Based on structured interviews with a small, convenience sample of seven visual analysts, the authors of an academic paper [Source: Victoria Lemieux et al., Meeting Big Data challenges with visual analytics, Records Mgt. J. 24(2), July 2014 at 127] identified these themes in difficulties with pre-processing data.  I have added a gloss to each one.

• Unavailability of data [you can’t locate data or it was never compiled in the first place]

• Fragmentation of data  [locating relevant data distributed across multiple databases, database tables and/or files is  very time-consuming]

• Data quality [whoever gathered the information made mistakes or recorded something that has to be converted into a zero or a missing value indicator, or included extra spaces, for example]

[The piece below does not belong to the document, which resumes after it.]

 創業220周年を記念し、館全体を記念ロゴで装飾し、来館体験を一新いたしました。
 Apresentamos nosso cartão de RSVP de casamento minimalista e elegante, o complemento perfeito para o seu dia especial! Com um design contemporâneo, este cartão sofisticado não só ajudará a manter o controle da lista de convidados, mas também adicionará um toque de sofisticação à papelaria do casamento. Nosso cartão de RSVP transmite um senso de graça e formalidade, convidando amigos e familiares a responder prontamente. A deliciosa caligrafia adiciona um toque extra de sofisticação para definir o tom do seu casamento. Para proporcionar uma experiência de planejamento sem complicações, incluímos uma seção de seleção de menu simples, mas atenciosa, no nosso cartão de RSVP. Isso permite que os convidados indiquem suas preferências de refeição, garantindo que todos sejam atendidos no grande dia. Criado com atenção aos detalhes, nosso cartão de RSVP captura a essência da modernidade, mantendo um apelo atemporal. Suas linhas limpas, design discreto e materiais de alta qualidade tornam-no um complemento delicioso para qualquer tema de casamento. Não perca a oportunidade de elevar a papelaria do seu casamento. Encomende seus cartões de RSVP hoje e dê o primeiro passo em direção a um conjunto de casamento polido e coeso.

– Missing values [it is not clear whether there were in fact no expenses on the matter or whether the person who recorded the data did not know the amount of the expenses]

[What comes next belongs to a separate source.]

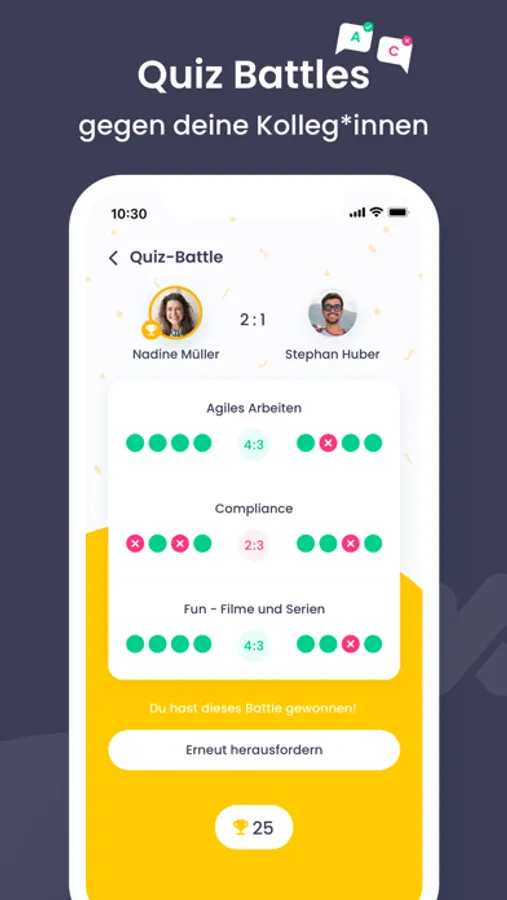 - prüfe dein Wissen und fordere andere User zum Quiz-Battle heraus

– Data format [dates are notorious for being May 16, 1962 in one record, 05/16/62 in another, 05/16/1962 in a third and all kinds of other variations that require being standardized]

– Need for standardization [for example, some numbers have decimals, some have leading zeros, some are left justified with spaces at the right, some have commas, and so on]

• Data shaping [for example, in the R programming language the most common package to create plots is called “ggplot2”.  When you use it, the data ideally is in what is called “long form,” so you might need to shape the data before you plot it]

– For technical compatibility [perhaps this means that data stored as comma separate values (.csv), for example, might need to be in Access database structure for Access to work]

– For better analysis [it may be that the way the data was read into memory stored a variable as character strings whereas the data scientist wants that variable to be a factor that has a defined number of levels]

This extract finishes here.